A structured set of objections, weighed in public.

Desk editor's note, referee report, simulated authors' rebuttal, and a circularity audit. Tearing a paper down is the easy half of reading it; the pith above is the substance, this is the friction.

Desk Editor's Note private letter to a colleague

The tuned lens gives a practical, trainable upgrade to the logit lens for reading layer-wise predictions in transformers, plus a side application for spotting malicious inputs, but the causal evidence does not fully close the gap on whether it recovers the model's actual internal process.

read the letter

The tuned lens trains a small affine probe on each layer's hidden states to map them to a vocabulary distribution. This is a direct refinement of the logit lens, and the experiments show it produces more accurate and less biased per-layer predictions across models up to 20B parameters. They also demonstrate that the sequence of these readouts can flag malicious inputs on separate benchmarks, which is a new use case not in the earlier logit-lens papers. The code release makes the results easy to check and extend.

Referee Report

2 major / 3 minor

Summary. The paper introduces the tuned lens: for each layer of a frozen pretrained autoregressive transformer, an affine probe is trained to map the hidden state h_l to a distribution over the vocabulary. This refines the logit lens by learning per-layer readouts. Experiments on models up to 20B parameters show the tuned lens yields more predictive, reliable, and unbiased per-layer predictions than the logit lens. Causal interventions (feature ablations and edits) indicate that the probes rely on features similar to those used by the model itself. The sequence of latent predictions across layers is also shown to detect malicious inputs with high accuracy. Full reproduction code is released.

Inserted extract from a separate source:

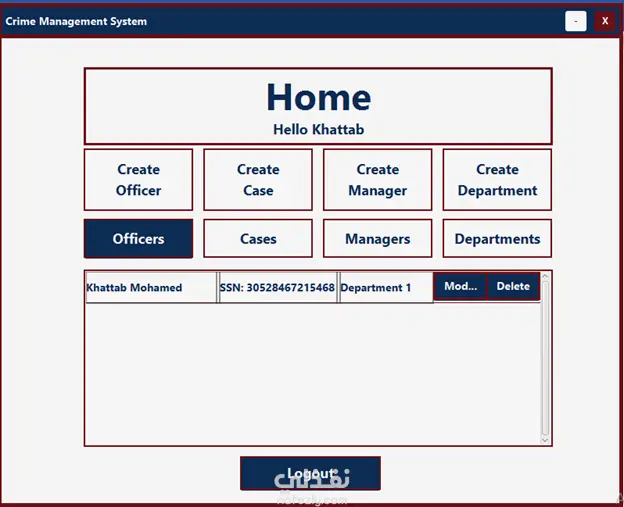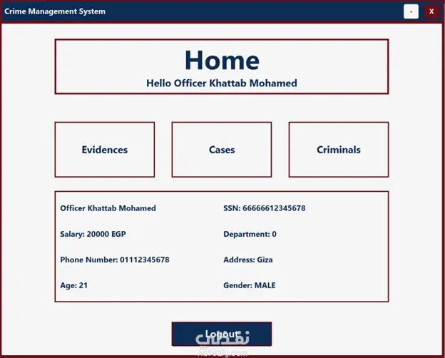 Developed a comprehensive Crime Management System using Java and JavaFX to streamline criminal case management for law enforcement agencies. The system allows for efficient tracking of cases, suspects, victims, witnesses, and evidence, with role-based access for admins, officers, and managers. Key features include: Case Management: Create, update, and track criminal cases with unique CaseIDs. Evidence Tracking: Add, update, and remove evidence linked to specific cases. Criminal Profiling: Calculate danger levels (High, Moderate, Low) based on crimes committed. User Roles: Admins manage system-wide operations, officers handle case details, and managers oversee case assignments. File Handling: Persistent storage of data using file I/O operations. Built with object-oriented principles, the system features modular classes for citizens, officers, criminals, and cases, ensuring scalability and maintainability. The JavaFX-based UI provides an intuitive interface for seamless navigation and data management. This project enhanced my skills in Java backend development, data management, and UI design, while addressing real-world challenges in law enforcement workflows.
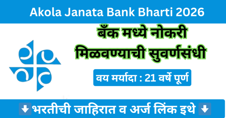 Read moreअकोला जनता कमर्शियल को-ऑपरेटिव्ह बँक भरती 2026 | Akola Janata Bank Bharti 2026

Significance. If the central claims hold, the tuned lens supplies a practical, scalable tool for inspecting how transformers iteratively refine next-token predictions layer by layer, strengthening mechanistic interpretability research. The multi-scale experiments, causal interventions, and released code are concrete strengths that increase the work's utility. The malicious-input detection result points to a potential safety application, though it is secondary to the interpretability contribution.

major comments (2)

[§4.3] §4.3 (Causal Experiments): The feature interventions and ablations are performed on activations after the affine probes have already been fit to those same activations (or to final logits). This design tests consistency between the learned readout and the intervention effect but does not directly demonstrate that the probes recover the model's native layer-wise computation rather than a convenient linear approximation of downstream layers. A control that compares probe predictions to the model's own un-probed intermediate computations (e.g., via direct logit extraction without regression) would be needed to support the claim that the tuned lens 'uses similar features to the model.'
[§3.2] §3.2 (Definition of 'unbiased'): The claim that the tuned lens is 'unbiased' relative to the logit lens is central to the comparison, yet the precise metric (e.g., whether it refers to calibration error, KL divergence to final logits, or something else) is not formalized before the experiments. Without an explicit definition or derivation showing that the affine map removes a specific bias term, the superiority claim rests on empirical tables whose interpretation depends on this choice.

minor comments (3)

[Table 1, Figure 2] Table 1 and Figure 2: axis labels and legends use inconsistent notation for 'logit lens' vs. 'tuned lens' across panels; standardize to improve readability.
[§4.4] §4.4 (Malicious input detection): the reported accuracy is given without a baseline that uses only final-layer logits or a simple perplexity threshold; adding this control would clarify the incremental value of the trajectory.
[Abstract / §4.1] The abstract states results 'across multiple model sizes up to 20B' but does not list the exact models or token counts used for probe training; this detail belongs in §4.1.

Simulated Author's Rebuttal

2 responses · 0 unresolved

We thank the referee for their constructive and detailed feedback. We address each major comment point by point below, indicating where we agree and will revise the manuscript for clarity and rigor.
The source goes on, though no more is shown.